Consider the possibility where firm C’s capacity choice is a decision variable.
Because changing capacity is a long-term decision, it would be determined much
earlier in the timeline of the events—before firm C designs a wholesale price contract to accept orders from firm O. Therefore, in the case of endogenous capacity,
firm C’s capacity decision would be the first event of the game sequence. Thus,
the resulting equilibrium solution with firm C’s endogenous capacity would be a
subset of the current model’s equilibrium solution. Firm C’s profit is highest at k3
(cf., Region III). Therefore, assuming that the capacity is free or has a simple linear
cost function, if at the first stage of the game firm C were to choose its capacity k, it
would have limited its capacity such that all of it was going to be used (binding capacity) by both firm O and firm C. The reason behind this strategy is that in Region
III, firm C can reduce the competition in the final product market by having lower
output. The lower output of firm C will allow firms to increase their market prices.

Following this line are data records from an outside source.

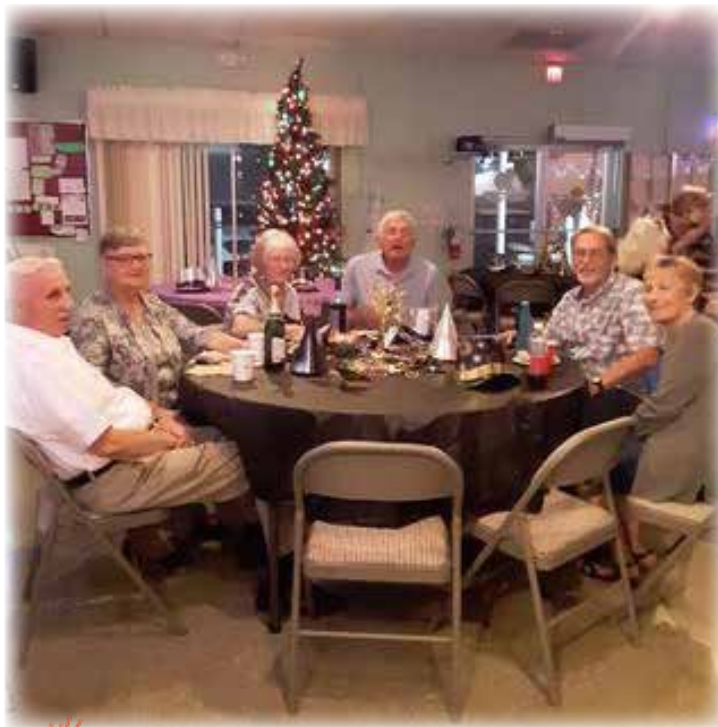
Ring in the New Year
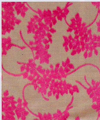
"Spring Velvet" thibautdesign.com
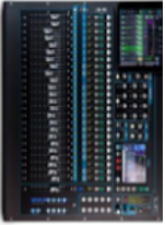
Mixer and wireless monitors just off stage

Harriet also has a wired Mic for songs when she sings lead vocals
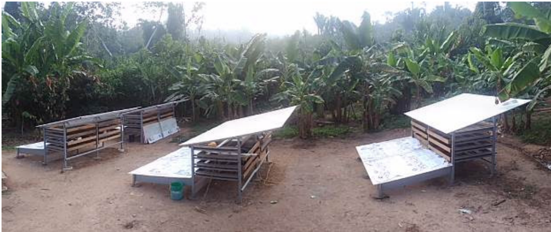
Partial installation of four cacao dryers.
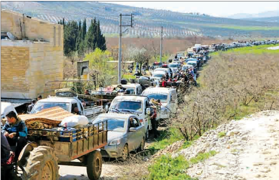
Civilians have fled Afrin city in recent days as battles rage between Turkish-backed forces and Kurdish fighters.

BEIRUT — Syria’s lacerating conflict entered its eighth year Thursday with the country riven by international power struggles, as Turkey encircled a besieged northern Kurdish enclave, while Russian-backed regime forces pounded into shrinking rebel areas near Damascus. The bloodshed, which has devastated huge swathes of the country since it started on 15 March, 2011 when the government of President Bashar al-Assad cracked down on mostly peaceful protests, has splintered into ever more complicated conflicts. In the latest fighting, Ankara-backed forces launched a bombardment of Afrin and closed in on the main city, in an offensive that could redraw the map in northern Syria. The development came as regime forces, backed by Moscow, broke into a key town in the beleaguered rebel enclave of Eastern Ghouta late Wednesday, driving further into the last opposition bastion outside Damascus.
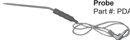
Probe Part #: PDA1
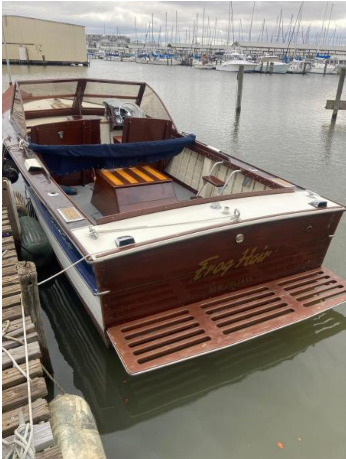
Mahogany Swim Platform
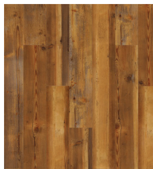
Vintage Pine 297806
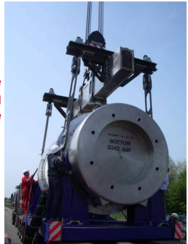
New frame and handling device
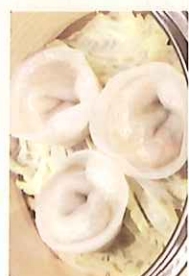
鴨絲餃 $5.25 Shredded Roast Duck Dumpling (3)
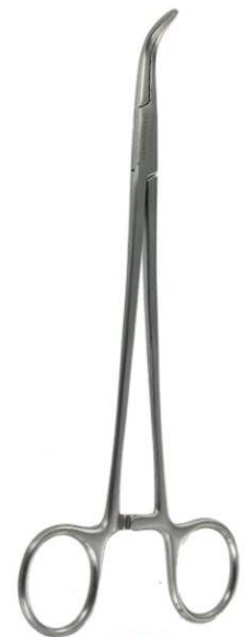
5316 BABY-MIXTER CRUVED 18cm
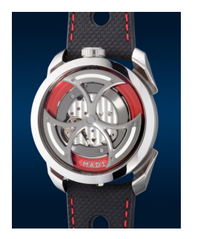
8086 M.A.D. Editions An avant-garde and extraordin... Estimate HK$16,000 - 32,000
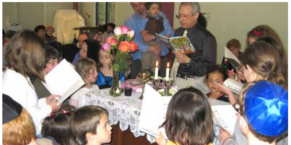
Last year's Seder

As we gather this year on Passover, take a closer look at the flow of the Haggadah. See how important our connectedness is throughout the text. Our sitting down together not only links us to Jews across the world this Pesach, but we reach back through all the years of our Jewish experiences to our ancestors, and theirs- all the way back to the original event. The text is intentional- Every one should create his and her Pesach in such a way that you are there at the original one. There and here at the same time- creating the opportunity for our children to find their future there as well.
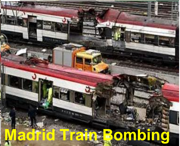
Madrid Train Bombing
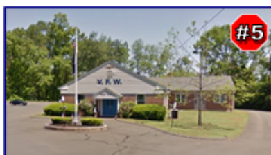
V.F.W. of Windsor Locks 36 Fairview St Windsor Locks, CT 06096
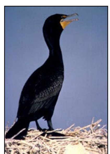
Double Crested Cormorant

Sources: Associated Press, 8/1/14; and Greenwire, 8/4/14 BACK TO TOP
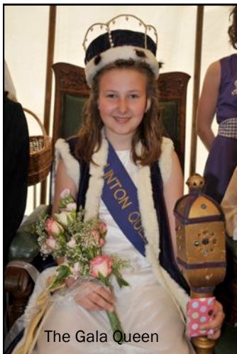
The Gala Queen
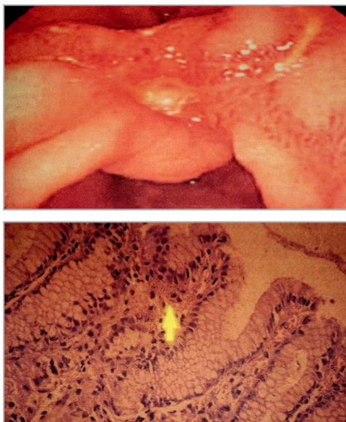
Figure 1 & 2: Photographs of Endoscopic snap shot showing ulcer in stomach, H & E stain of tissue from endoscopic biopsy showing H. pylori in the crypt.

calculated by unpaired t-test, chi square test and validity test. Data were edited, cleaned and analyzed by statistical package for social science (SPSS-17.0). The test was considered significant when P value <0.005).
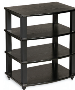
XT-A4 (Black Oak)-B
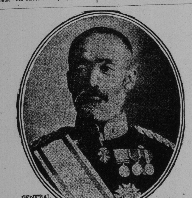
The Japanese Commander, the Man of Blood and Iron, Whose Assaults Upon Port Arthur Astonished the World.

rate end the horrible slaughter in one part of the theatre of war, and I sincerenation of Russia to continue the war sia's res Some Paris journals assert that Japanes at all costs. Its effect in Japan, however,
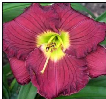
IMPERIAL DECREE 36",Tet,5.50",Dor,M,Frag,Re BENZ J 2004 $25
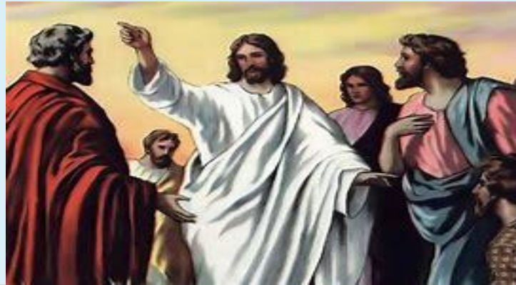
You are just, O Lord, and your judgement is right; treat your servant in accord with your love.

O Lord, grant that I may not so much seek to be consoled as to console; to be understood as to understand; to be loved as to love. For it is in giving that we receive; it is in pardoning that we are pardoned; and it is in dying that we are born to eternal life. AMEN
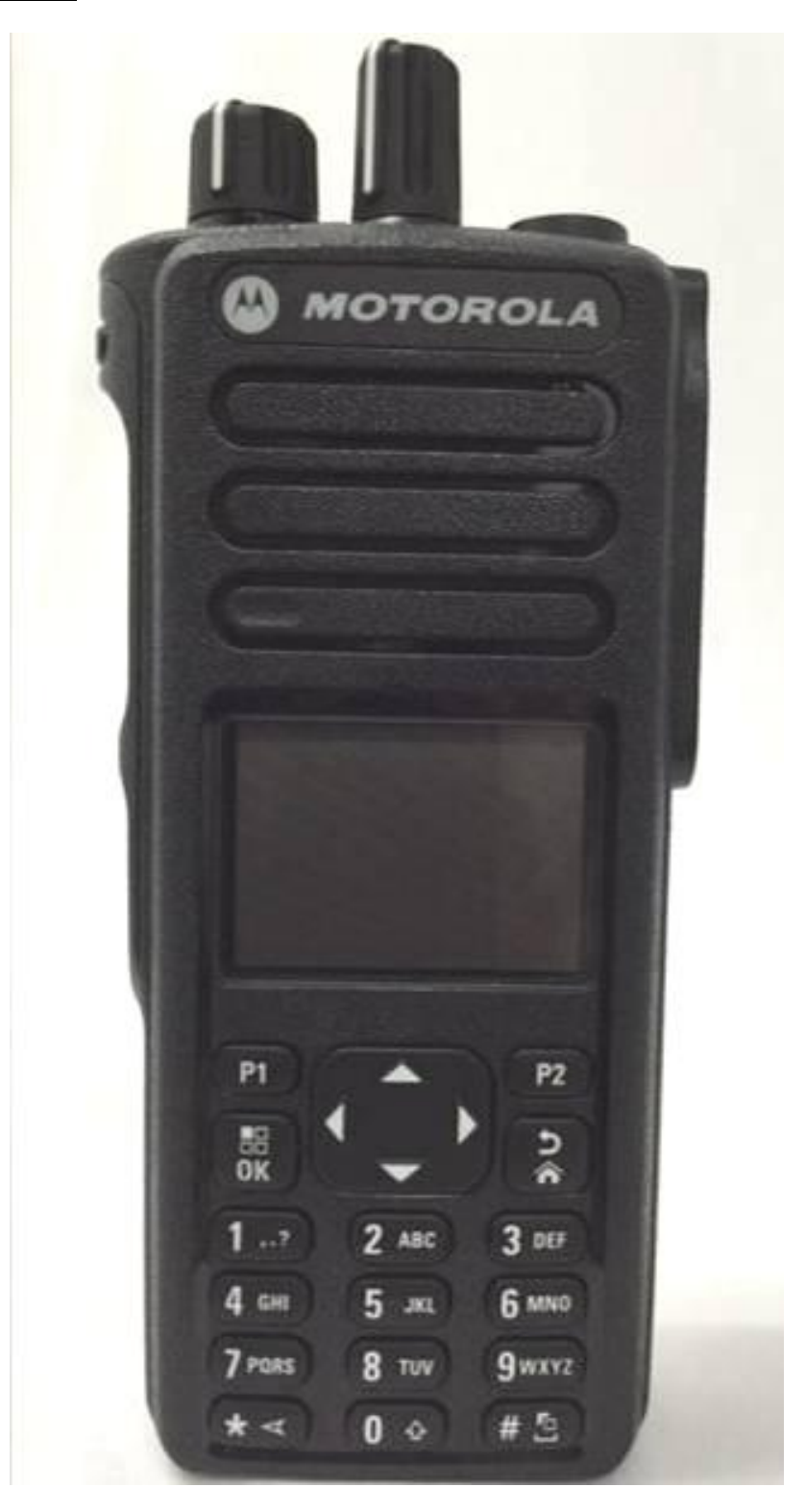
Front View with Display and Full Keypad Model
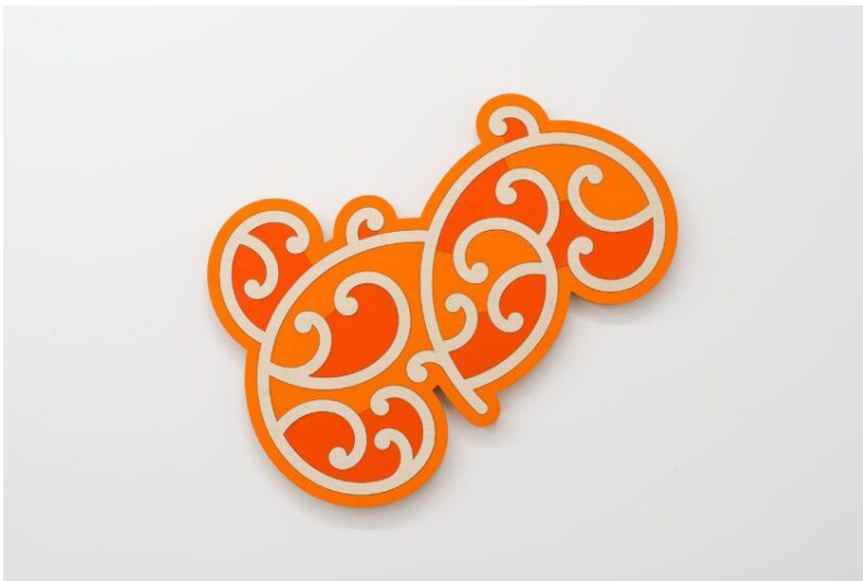
Whakaahua 5 Te Kura Mātiti (2022)

Ko Te Kura Awhitia te Nuku , tētahi o āku tino mahi nō te kahui mahi nei, ko tōna āhua he rite tonu ki te rau, ki tētahi tipu rānei. Ko te rere o te koru, te nohonga o te pītau ka tino tau te rongo i te tirohanga atu. Otirā ko ōna tae, arā te nohonga tahi o te kikorangi me te parauri he ahua rerekē ka pā mai ki wairua. Nā ko ngā tae nei he rite tonu ki a Rangunui rāua ko Papatuānuku anō hoki.
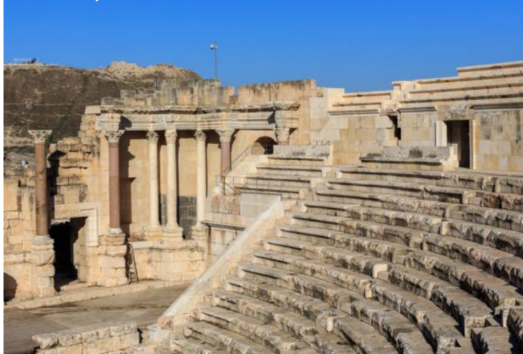
Roman city Bet Shean
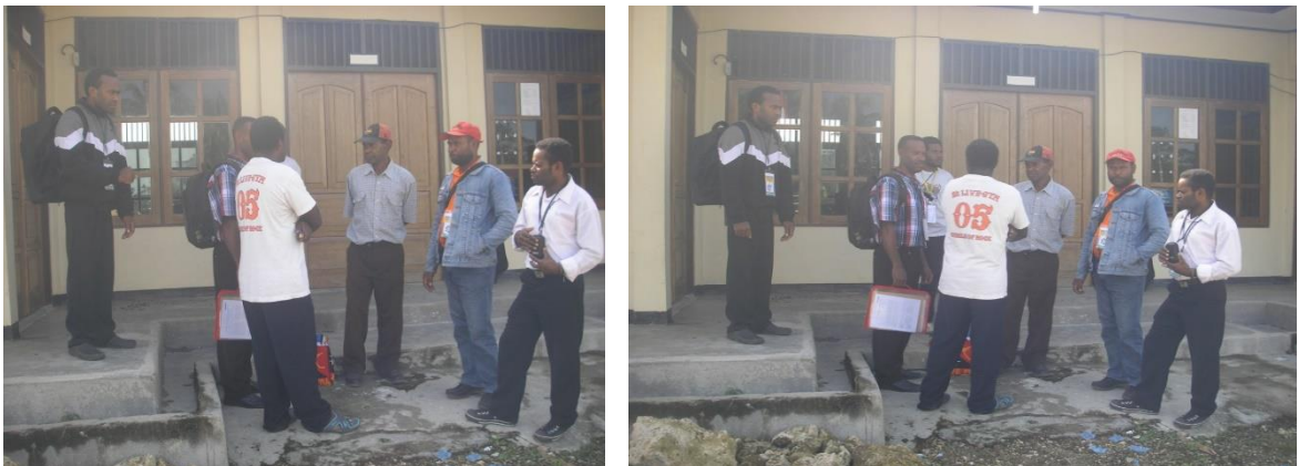
Figure 4. Easter Evaluation Visit for Second Stage Activities

To find out the activity output targets as in table 2 above is to carry out direct observations/observations on PKM objects and conduct interviews with the treasurer after the activity to assess the achievement of the contributions faced. This is also a form of evaluation and ongoing program with partners in the future.
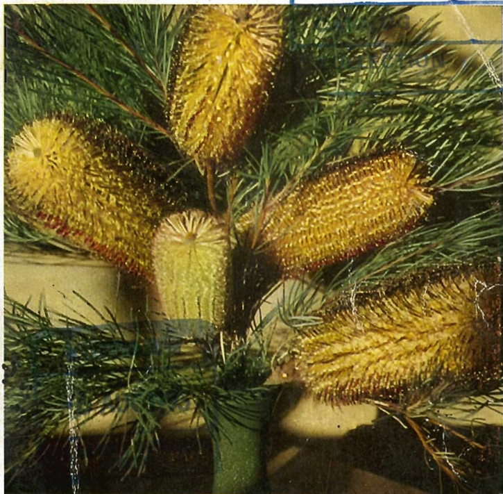
A SPECIMEN OF THE BANKSIA FAMILY. See page 13.
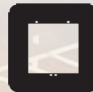
Backplate for 8", 1-Section Signal,flat

Peek Traffic warrants these products against manufacturing defects in materials and workmanship for one year from the date of shipment from the factory. Specific contracts and regional laws may alter or vary these terms.
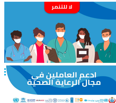
Anti-bullying for the healthcare workers Campaign
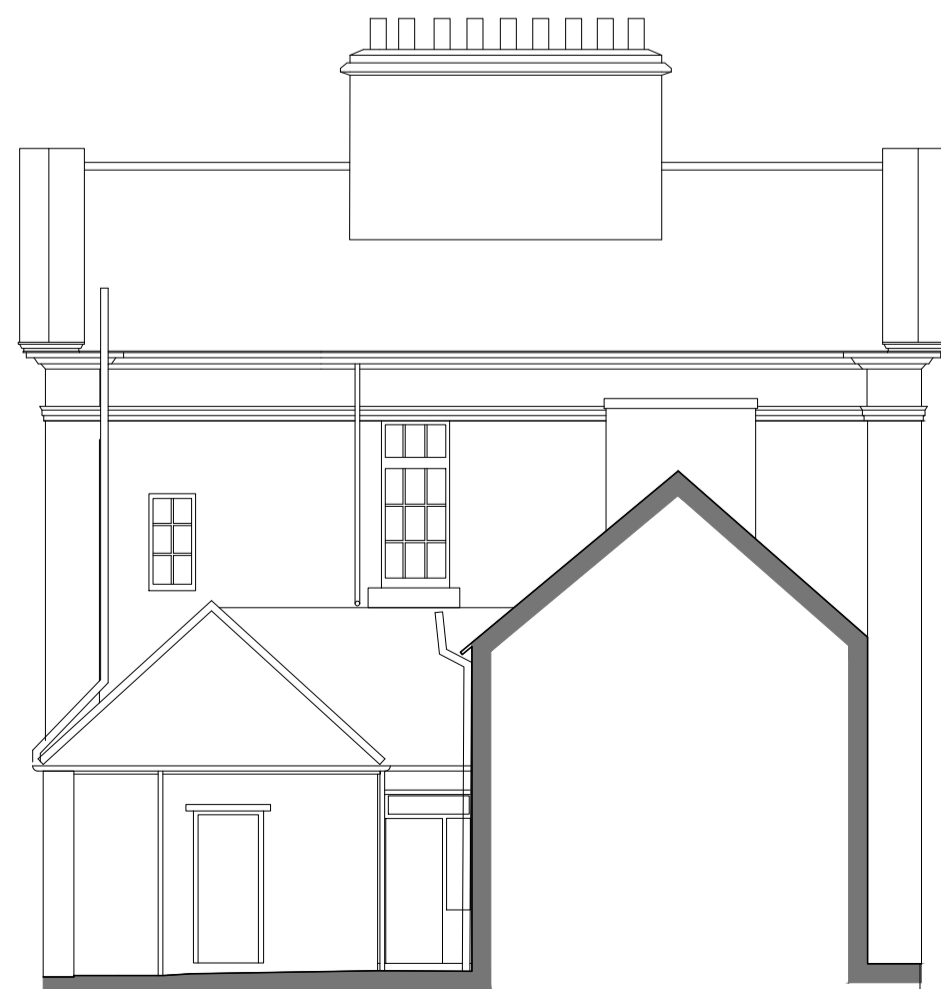
PROPOSED ELEVATION FACING WEST

As a result, firm C can also increase its wholesale price, which will compensate for
its lower output to the final-product market. Therefore, in terms of optimal strategy,
firm C would prefer to choose a capacity such that the equilibrium solution is in
Region III, where firms O and C are supply chain partners and both firms sell in
the final-product market. In this region, firm C uses all of its capacity (binding)
and firm O enjoys the limited output of firm C into the final-product market.
We used a stylized model to study the dynamics of the firms’ optimal decisions, but this model had some limitations. We used a deterministic demand model,
so a possible avenue of future research would be to analytically study the impact
of demand uncertainty on the capacity-allocation problem of a CCM. Moreover, in
our model, we considered only one CCM that can produce a competitive product.
It would be interesting to consider multiple strategic contract manufacturers, each
with the option of producing their own brand products.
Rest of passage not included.